Work request
Please copy, exactly as written, the span from the first line below to the line that contains "Editor Templates are", including both, and skip the pictures.

Provided material
- - - - - - -

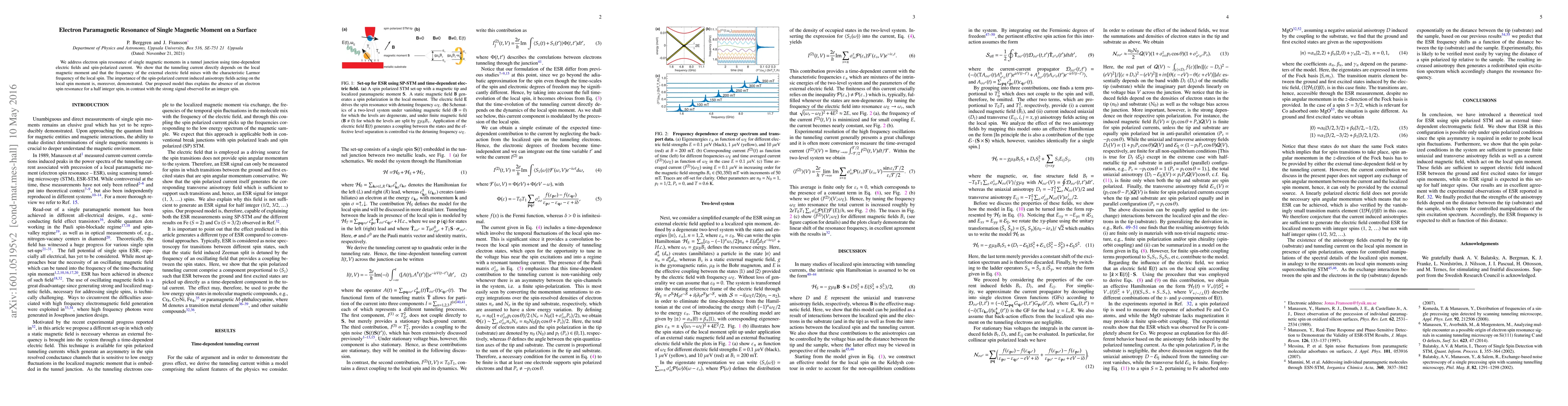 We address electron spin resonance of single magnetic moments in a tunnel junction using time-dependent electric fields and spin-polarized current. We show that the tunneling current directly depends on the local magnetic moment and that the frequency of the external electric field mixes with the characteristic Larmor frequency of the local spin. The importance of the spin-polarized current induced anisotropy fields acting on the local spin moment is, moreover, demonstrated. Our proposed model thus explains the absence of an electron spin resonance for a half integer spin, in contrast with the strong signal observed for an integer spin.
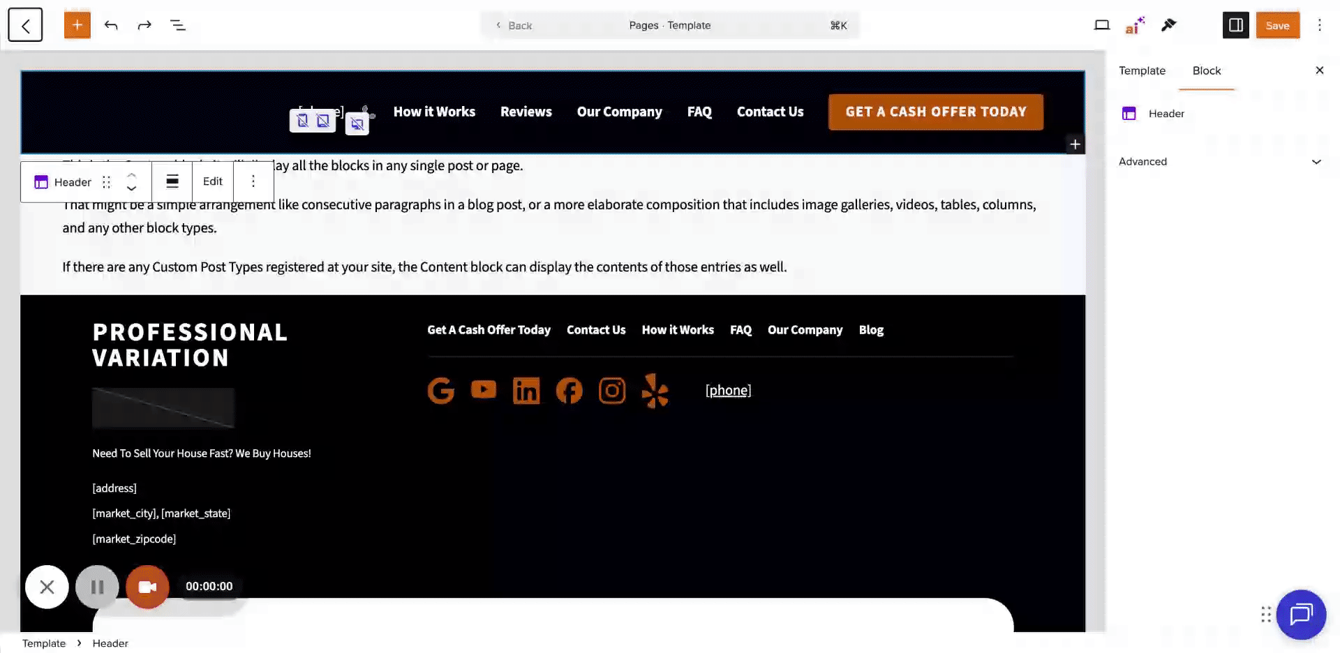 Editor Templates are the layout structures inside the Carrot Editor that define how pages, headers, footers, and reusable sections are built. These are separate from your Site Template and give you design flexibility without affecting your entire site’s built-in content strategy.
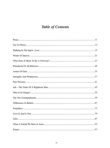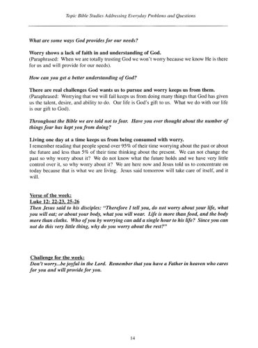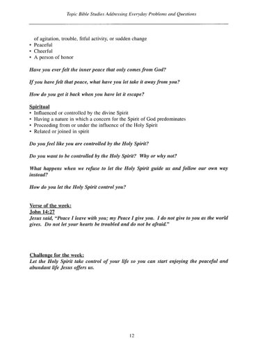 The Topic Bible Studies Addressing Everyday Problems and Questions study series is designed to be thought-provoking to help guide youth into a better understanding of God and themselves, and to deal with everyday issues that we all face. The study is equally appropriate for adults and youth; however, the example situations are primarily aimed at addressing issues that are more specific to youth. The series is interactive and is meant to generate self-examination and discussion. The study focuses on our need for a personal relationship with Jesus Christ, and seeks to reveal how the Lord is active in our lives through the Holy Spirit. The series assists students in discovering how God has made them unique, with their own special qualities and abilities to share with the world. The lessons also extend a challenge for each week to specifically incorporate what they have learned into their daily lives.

- - - - - - -

Your response
 We address electron spin resonance of single magnetic moments in a tunnel junction using time-dependent electric fields and spin-polarized current. We show that the tunneling current directly depends on the local magnetic moment and that the frequency of the external electric field mixes with the characteristic Larmor frequency of the local spin. The importance of the spin-polarized current induced anisotropy fields acting on the local spin moment is, moreover, demonstrated. Our proposed model thus explains the absence of an electron spin resonance for a half integer spin, in contrast with the strong signal observed for an integer spin.
 Editor Templates are the layout structures inside the Carrot Editor that define how pages, headers, footers, and reusable sections are built. These are separate from your Site Template and give you design flexibility without affecting your entire site’s built-in content strategy.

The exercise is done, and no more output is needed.